На колокольной крестовине что-то зашуршало. Танька вздрогнула и придвинулась к Сереге.
— Наверно, мышь летучая.
— Ты надень пиджак, а то вцепится в белое.
Серега уловил в ее голосе заботливость. А она спрятала глаза, и заметно было, как волновалась грудь под голубым ситцевым платьем, в котором Танька казалась нарядным майским деревцем, защищенным только своей красотой, — пройдешь мимо, полюбуешься, а прутышек не сломишь, пожалеешь. Он нашел ее настороженные глаза и улыбнулся, и в уголках Танькиных губ оттаяла робкая улыбка.
— Пошли, — прошептала Танька, но и сама не поверила своему голосу, будто кто-то другой сказал, потому что совсем не хотелось уходить.
Село угомонилось, и девчонок не слышно. Далеко-далеко, на краю земли, небо озарилось короткой вспышкой, потом еще торопливо, несколько раз подряд.
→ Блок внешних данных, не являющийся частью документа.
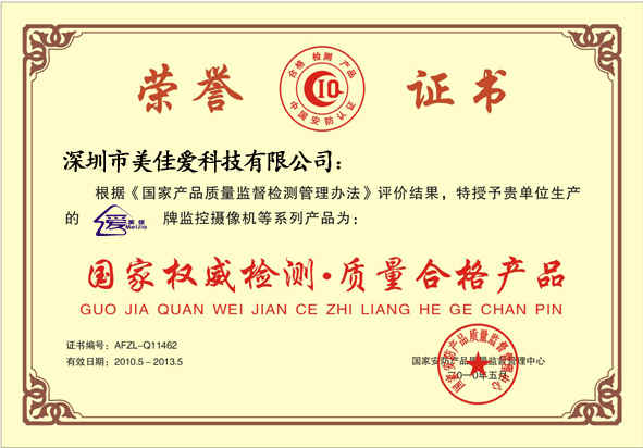 國(guó)家權(quán)威檢測(cè) 質(zhì)量合格產(chǎn)品證書(shū)副本
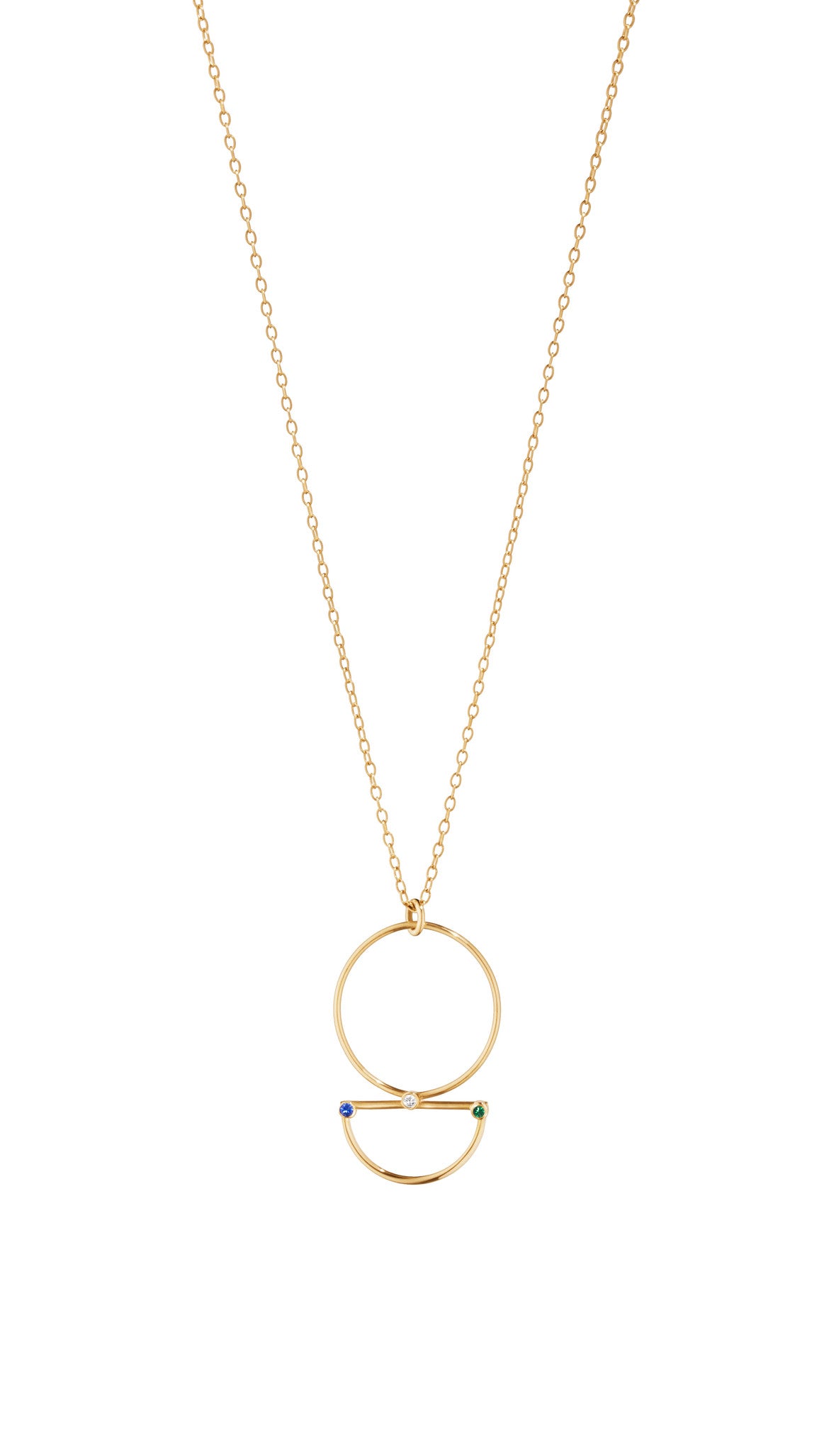 Delicate 18kt. gold pendant with sapphire, emerald and 0,01 carat diamond. 52cm chain in 18kt. gold.
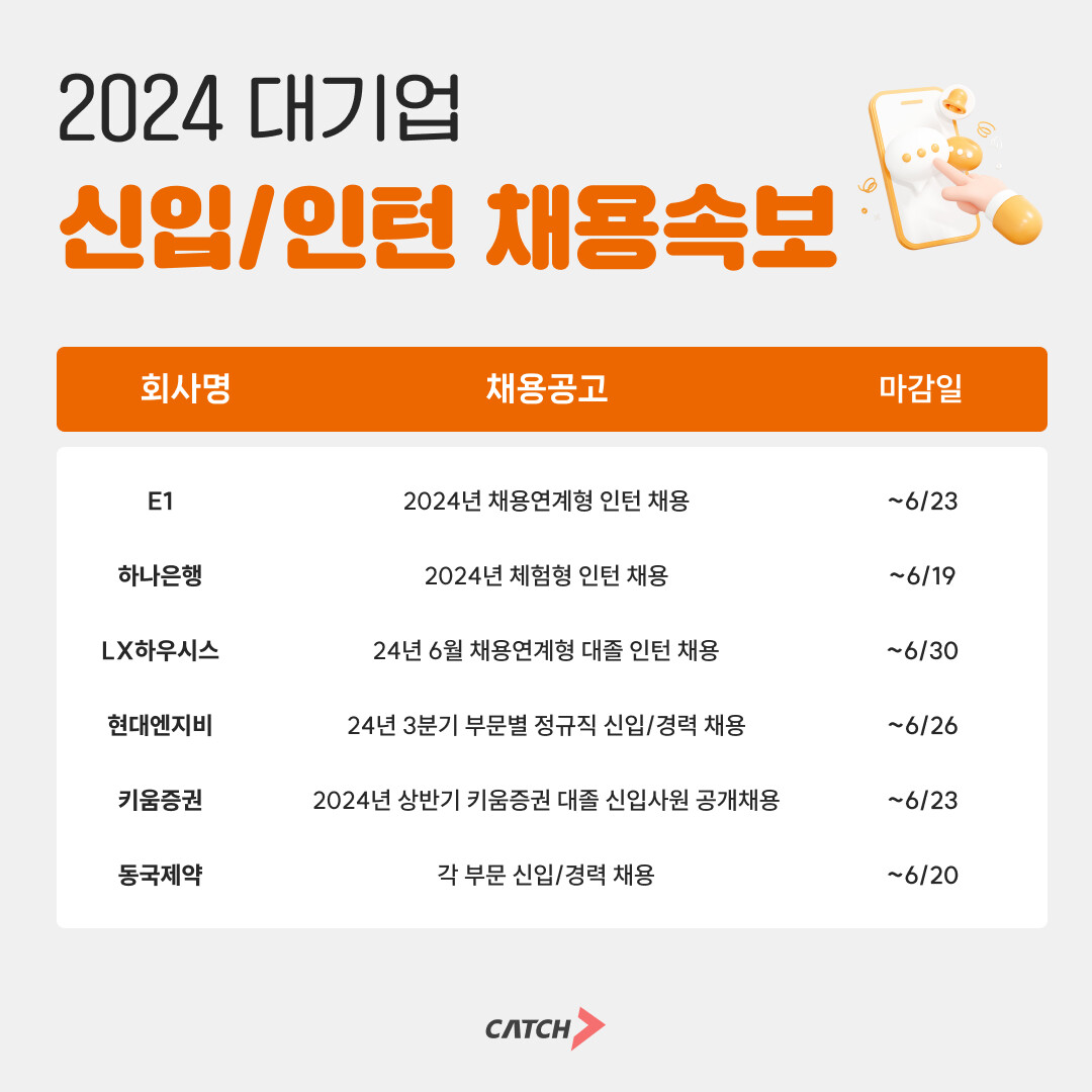 [피앤피뉴스=마성배 기자] 진학사 캐치가 13일 E1, 하나은행, LX하우시스, 현대엔지비, 키움증권, 동국제약 등 주요 기업들의 신입 및 인턴 채용 소식을 전했다.
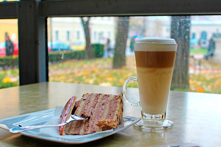 Dobos cake y café con leche
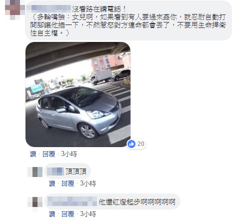 但萬萬沒想到有部分網友看完后竟反酸吳男,“綠燈就狂沖嘛,再沖啊,哈哈哈”、“你怎么騎過去給他撞呀?故意的?”、“明知道車子想過,還硬要直行過,覺得自己路權大自己就對,活該”、“下次遇到砂石車也一樣要用生命捍衛路權哦”。
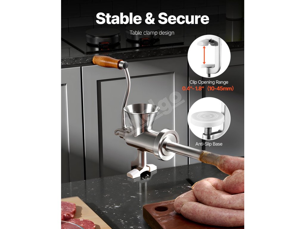 Robustná svorka sa pevne pripevní k doske stola a ponúka kompaktný dizajn, ktorý spĺňa vaše každodenné potreby pri varení. Vychutnajte si radosť z varenia zakaždým s naším multifunkčným ručným mlynčekom na mäso.
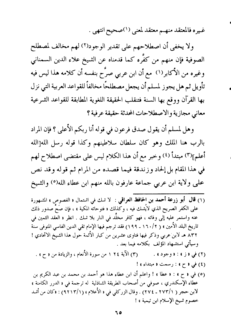 وَلَا يخفى أَن اصطلاحهم على تَقْدِير الْوُجُود لَهُم مُخَالف لمصطلح الصُّوفِيَّة فَإِن مِنْهُم من كفره كَمَا قدمْنَاهُ عَن الشَّيْخ عَلَاء الدّين السمناني وَغَيره من الأكابر مَعَ أَن ابْن عَرَبِيّ صرح بِنَفسِهِ أَن كَلَامه هَذَا لَيْسَ فِيهِ تَأْوِيل ثمَّ هَل يجوز لمُسلم أَن يَجْعَل مصطلحا مُخَالفا للقواعد الْعَرَبيَّة الَّتِي نزل بهَا الْقُرْآن وَوَقع بهَا السّنة فتنقلب الْحَقِيقَة اللُّغَوِيَّة الْمُطَابقَة للقواعد الشَّرْعِيَّة مَعَاني مجازية والاصطلاحات المحدثة حَقِيقَة عرفية هَل لمُسلم أَن يَقُول صدق فِرْعَوْن فِي قَوْله أَنا ربكُم الْأَعْلَى فَإِن المُرَاد بالرب هُنَا الْملك وَهُوَ كَانَ سُلْطَان سلاطينهم وَكَذَا قَوْله رسل الله الله أعلم مُبْتَدأ وَخبر مَعَ أَن هَذَا الْكَلَام لَيْسَ على مُقْتَضى اصْطِلَاح لَهُم فِي هَذَا الْمقَام بل إلحاد وزندقة فِيمَا قَصده من المرام ثمَّ قَوْله وَقد نَص على ولَايَة ابْن عَرَبِيّ جمَاعَة عارفون بِاللَّه مِنْهُم ابْن عَطاء الله وَالشَّيْخ
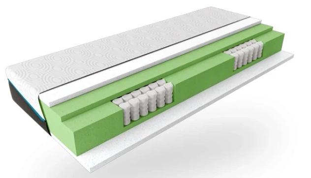 В составе матраса гармонично сочетаются свойства пенного блока и пружинных вставок. Это позволяет добиться оптимальной ортопедичности. Чувствительный пружинный блок в области плечевого пояса и коленей рассчитан на самые подвижные зоны, а эластичные зоны пен идеально поддерживают таз, голову и стопы, не нарушая кровообращение.
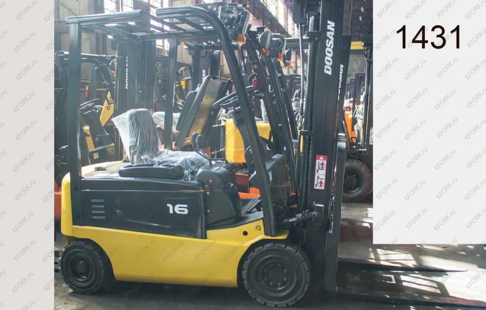 Электрический погрузчик Doosan Б/У с интентарным номером 1431 2007 года выпуска. Состояние - Хорошее. Имеет грузоподъемность 1600 кг. Гарантия: 4 мес или 500 м/час.
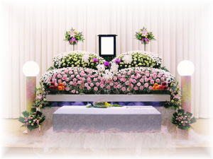 きれいな花祭壇の飾り付けで、ご家族・ご親族様が少人数で式を執り行いたい方の家族葬特別セットプランです。粗供養品・お料理(通夜・当日約10名様)まで含まれていて、リーズナブルで一番人気のセットプランです。

— Гроза собирается, пошли, — повторила она.
— Это зарницы.
— Давай загадаем что-нибудь про себя.
— Давай.
И загадали. И верили, что задуманное уже прочно соединяет их общей надеждой. Снова продолжался этот сон наяву, будто остались вдвоем в неведомом ковчеге, и он плывет сквозь темноту навстречу молчаливым сполохам, а внизу — текучий шелест берез, подобный шуму воды. В узких Танькиных глазах вспыхивали и гасли ругливые светлячки, ресницы казались мягкими, как тени. Хотелось прижаться губами к меловой черточке пробора, расплеснувшей надвое черные, гладко прибранные волосы. Беглый небесный огонь все настойчивей вспархивал над горизонтом, но как бы не мог переступить заповедную черту. Что-то похожее Серега ощущал внутри самого себя.
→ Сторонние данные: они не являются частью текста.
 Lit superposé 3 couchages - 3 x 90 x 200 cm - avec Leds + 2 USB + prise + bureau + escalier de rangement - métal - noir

— Теперь обратно спускаться все равно что в колодец. — Танька зябко передернулась.
— Можно утра подождать, — засмеялся Серега.
— Тебе не стыдно? Иди первый, я боюсь.
— Попроси как следует.
— Не зазнавайся! — легонько подтолкнула в плечо.
— Чудачка!
Сердце неудержимо встряхнулось, когда очутились на улице. После каменной тесноты хотелось полевого простора, грозовой свежести, и Танька легко, не чуя на ногах парусиновых тапочек, побежала по пыльной колее. Косы змейками болтались, перехлестывались на ее спине, как бы дразнили Серегу. Неуловимым облачком мелькало во ржи ее платье, ускользало из рук. По все-таки догнал и, опьянев от погони, крепко обхватил вместе с рожью. Оба задохнулись, будто замерли у обрыва.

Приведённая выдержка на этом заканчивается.